People always think that criminals get off too easily, no matter how harsh the punishments.


“Law and Order” was as effective a concept for kings as it has been for politicians, right up until a critical mass started to fear that it could be their necks up next at the gallows.


MR. WHINEY

Exactly!

And this is relevant to race because race has been used historically to divide people with the most to gain from working together to accomplish reform.


The more people can be convinced that the criminal is some terrifying “other,” some dangerous “super-predator,” in the words of former Secretary of State, Hillary Clinton, the easier it is for people to utilize “Justice” as a tool to centralize and control political power instead of distributing it throughout society.


MR. PROVE-IT

We will need to remember to explore the relationship between race and the reporting of abuses in prison later, when we look at the cases of some specific prisoners.

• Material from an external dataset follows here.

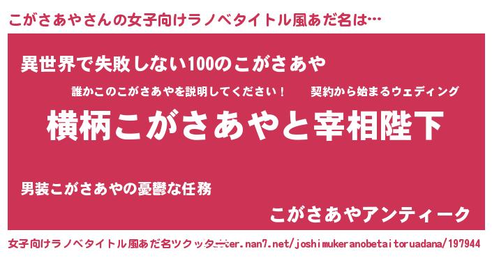 | 男性向けラノベタイトル風あだ名 | 『こがさあやに滅ぼされるだけの簡単なお仕事です』 |

It is a fucked-up reality, but white Americans don’t even tend to give a shit about the legacy of genocides and oppressions carried out in their name. It’s about impossible to convince them to pay attention to abuses directed at individuals that have already been demonized with the label “criminal.”


MR. WHINEY

These racial issues we are discussing are true on a global and national scale, but they are especially prevalent in local communities that might harbor stronger attitudes about criminal justice enforcement than their national average.


This has been a critical reason that prison abuses in the South have such an ugly history, and often spiked in those times where the prison system received its largest influxes of populations that enfranchised society considered most deplorable: immigrants, indigenous people, post-emancipation African Americans. Finding evidence of these abuses often proves difficult and it is easy, as a white researcher, to overlook absences of examples, rather than attempt to contextualize them.


MR. PROVE-IT

So basically, you are saying that we may not even be aware of what we are overlooking when we look at questions of who has been impacted by the construction of McPherson’s Unit and the institution that it has grown into—


MR. WHINEY

—But we will do our best to discuss the places where we found absences in information and the larger social circumstances that may be contributing to that lack of information—

(Enjoying the flow of this conversation, both Mr. PROVE-IT and MR. WHINEY do not so much as interrupt each other, as complete each other’s thoughts. As if the space between them was disappearing.)


MR. PROVE-IT

—and as we do so, our audience knows that even our best efforts to talk about these situations are going to be limited by all the ways our whiteness has trained us not to see racial injustice, no matter how hard we think we are looking for it.

(The period at the end of Mr. PROVE-IT’s sentence has a finality that results in a beat of silence as the two investigators consider the impact of their own statements. Eventually MR. WHINEY gather’s his thoughts enough to continue.)


MR. WHINEY

(with a tone of approving humility.)

OK, Mr. Prove-it, I will admit that it is not wrong to suggest that the intersection of race and incarceration—and how our whiteness is going to impact this investigation—is likely more complicated than we will manage to recognize or discuss.


I hope, by having this conversation in the manner that we have done so, our audience will be aware of those complexities and be willing to think critically about race as they investigate issues of incarceration on their own.


I also want to put this on the official record: Benjamin C. Roy Cory Garrett is always open to listen to and respect anyone who wants to question and challenge the role that race plays on the projects he undertakes.


MR. PROVE-IT

Alright, Mr. Whiny, I doubt this will be the last time we talk about race in this investigation, but we do have a few more factors of social identity to discuss and I can’t wait to see you squirm around how you are not ignoring them in yr “centering” of race in our investigation of incarceration.